MCQs. Bold the correct response

1) Administration of an MAO inhibitor would most likely cause changes in the CNS concentration of:

a) acetylcholine b) histamine c) norepinephrine

2. Therapeutic use(s) of antidepressants include(s):

a) severe anxiety disorder b) post-traumatic stress disorder c) panic-agoraphobia d)


endogenous depression e) all of the above

3. Which class of antidepressants requires dietary restrictions?

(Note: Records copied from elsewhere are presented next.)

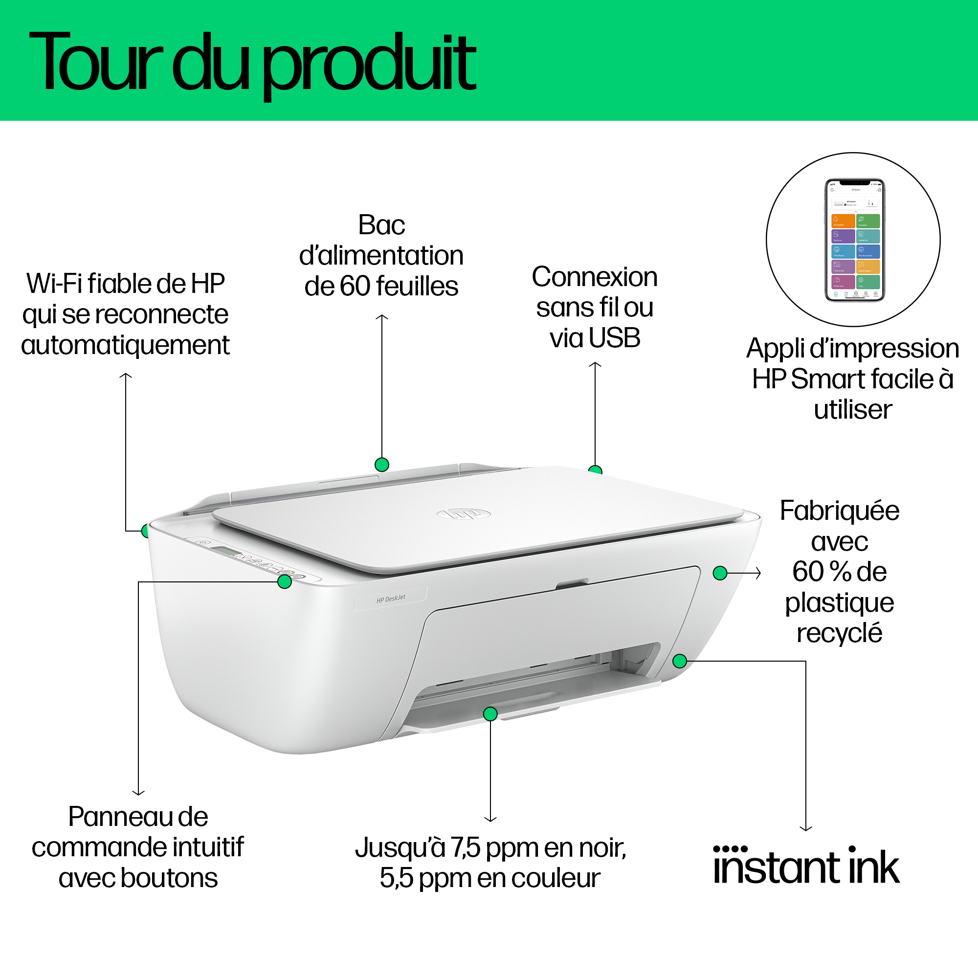 Le leader de l’impression simple et sereine.[1] Gagnez en fluidité pour imprimer, numériser et copier, via l’imprimante sans fil compacte à domicile, associée à la meilleure application d’impression facile d’utilisation. Que ce soit pour vos étiquettes d’expédition ou vos meilleures recettes, facilitez-vous la vie avec le leader mondial de l’impression[2,3].. Compatibilité HP Instant Ink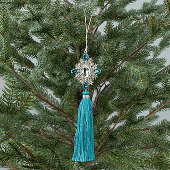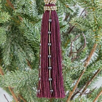 Игрушка из шелковистых нитей и страз способна привнести элегантную нотку даже в самый скромный наряд новогодней ёлки. А всё благодаря изысканному сочетанию сиреневого цвета, золотистого декора и аккуратной форме кисточки. Будет гармонично сочетаться с украшениями любого материала и стиля.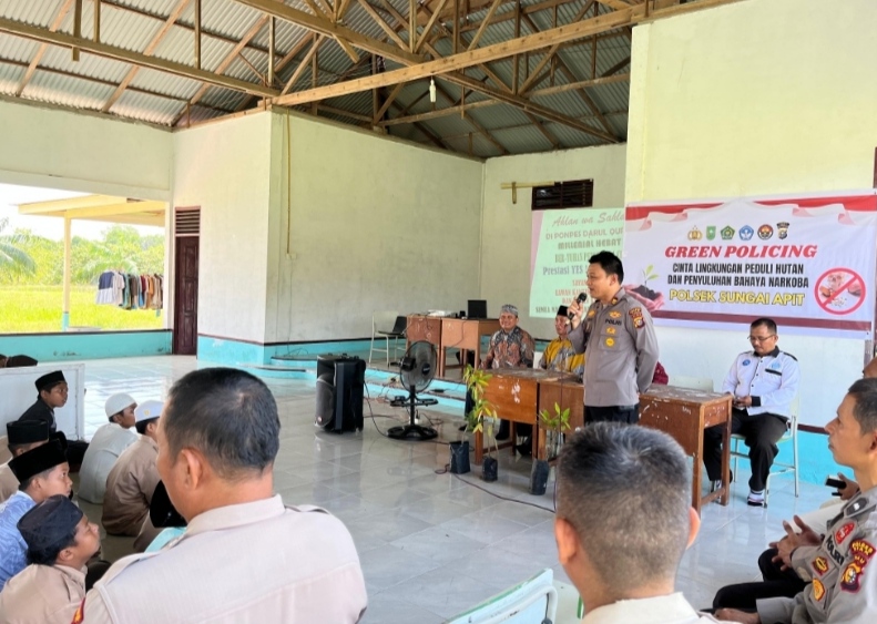 SUARANEWS86.COM || SIAK – Dalam upaya mencegah penyalahgunaan narkotika sekaligus menanamkan kepedulian terhadap lingkungan sejak dini, Polsek Sungai Apit melaksanakan kegiatan sosialisasi bahaya narkoba dan Police Go to School dalam rangka Green Policing, yang digelar di Pondok Pesantren Darul Qur’an, Kampung Lalang, Kecamatan Sungai Apit, pada Kamis, 7 Agustus 2025.

a) MAOIs b) SSRIs c) TCAs d)SNRIs

4. Less than 25% decrease in baseline symptoms is

a) Response b) Remission c) Non-response d) Partial response

5) Combination of MAOIs and SSRIs can cause:

a) excess of norepinephrine in the body b) excess of serotonin in the body

c) decreased levels of serotonin d) decreased levels of norepinephrine

6) Sertraline (Zoloft), Citalopram (Celexa), Fluoxetine (Prozac), these drugs belong to the following class
of antidepressants:

a) MAOIs b) SSRIs c) TCAs d)SNRIs

7) ___________ are mostly used as a last resort in cases where other antidepressants have failed.

a) MAOIs b) SSRIs c) TCAs d)SNRIs

8) What does this statement mean “depression is an illness with broken circadian clock”?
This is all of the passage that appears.